Escape works similarly to MPEG-2; the next six bits contain the run (non-reversed), and the next 12 bits contain the level (non-reversed), offset by 2048. There'a always an EOB at the end of each block (as in MPEG-2), and there's never a block without a DC coefficient (also as in MPEG-2).

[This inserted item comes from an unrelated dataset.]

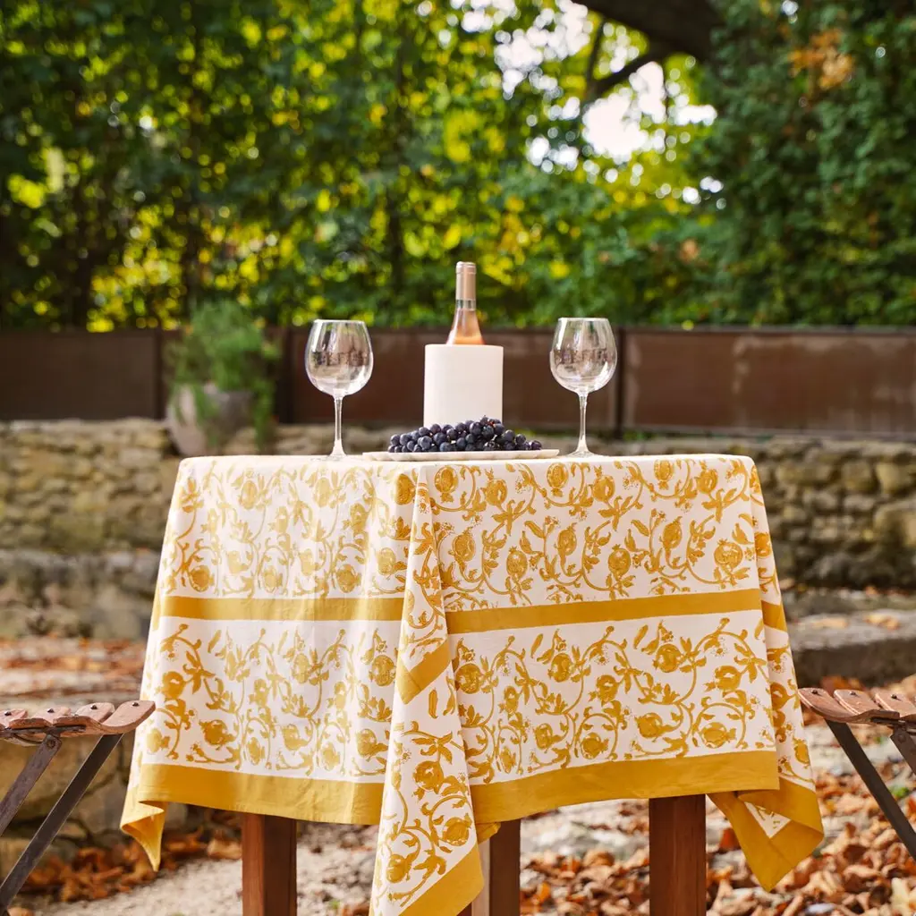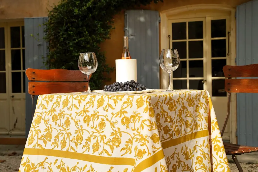 Featuring a delicately intertwined floral pattern with iconic pomegranates, the Granada collection makes a tranquil, richly colored complement to any table. Suitable for formal, festive, and casual events alike, this high-quality linen foregrounds a classic motif with French country styling, and has been hand-printed by skilled artisans using a time-honored technique.

All other codes are followed by the coefficient sign (again as in MPEG-2).

Alpha is coded as run-level too: first it has a codeword telling how many elements to skip (or whether this is end of block) and then a codeword for nonzero element, repeat.

Quantiser

Allowed quality levels:

 1, 2, 3, 4, 5, 6, 7, 8, 10, 12, 14, 16, 18, 20, 22, 24, 28, 32, 36, 40, 44, 48, 52, 56, 64, 72, 80, 88, 96, 104, 112

Provided quality is clipped to 99, also if it's less than 38 or odd then a nearest smaller value from default quality table is used instead.

Quantisation matrix:

  *, 16, 19, 22, 26, 27, 29, 34,
 16, 16, 22, 24, 27, 29, 34, 37,
 19, 22, 26, 27, 29, 34, 34, 38,
 22, 22, 26, 27, 29, 34, 37, 40,
 22, 26, 27, 29, 32, 35, 40, 48,
 26, 27, 29, 32, 35, 40, 48, 58,
 26, 27, 29, 34, 38, 46, 56, 69,
 27, 29, 35, 38, 46, 56, 69, 83

The DC quantizer is set to 16 no matter what; the other values are multiplied by (100 - quality). Each coefficient is multiplied with the corresponding quantization factor and then divided by 16 (no rounding), before the block goes to IDCT.

As an optimization, DC-only blocks are special-cased; all pixels in the block get exactly the value (dc + 4) >> 3.

Y'CbCr conversion uses BT.601 coefficients. Chroma positioning is center, as in MPEG-2.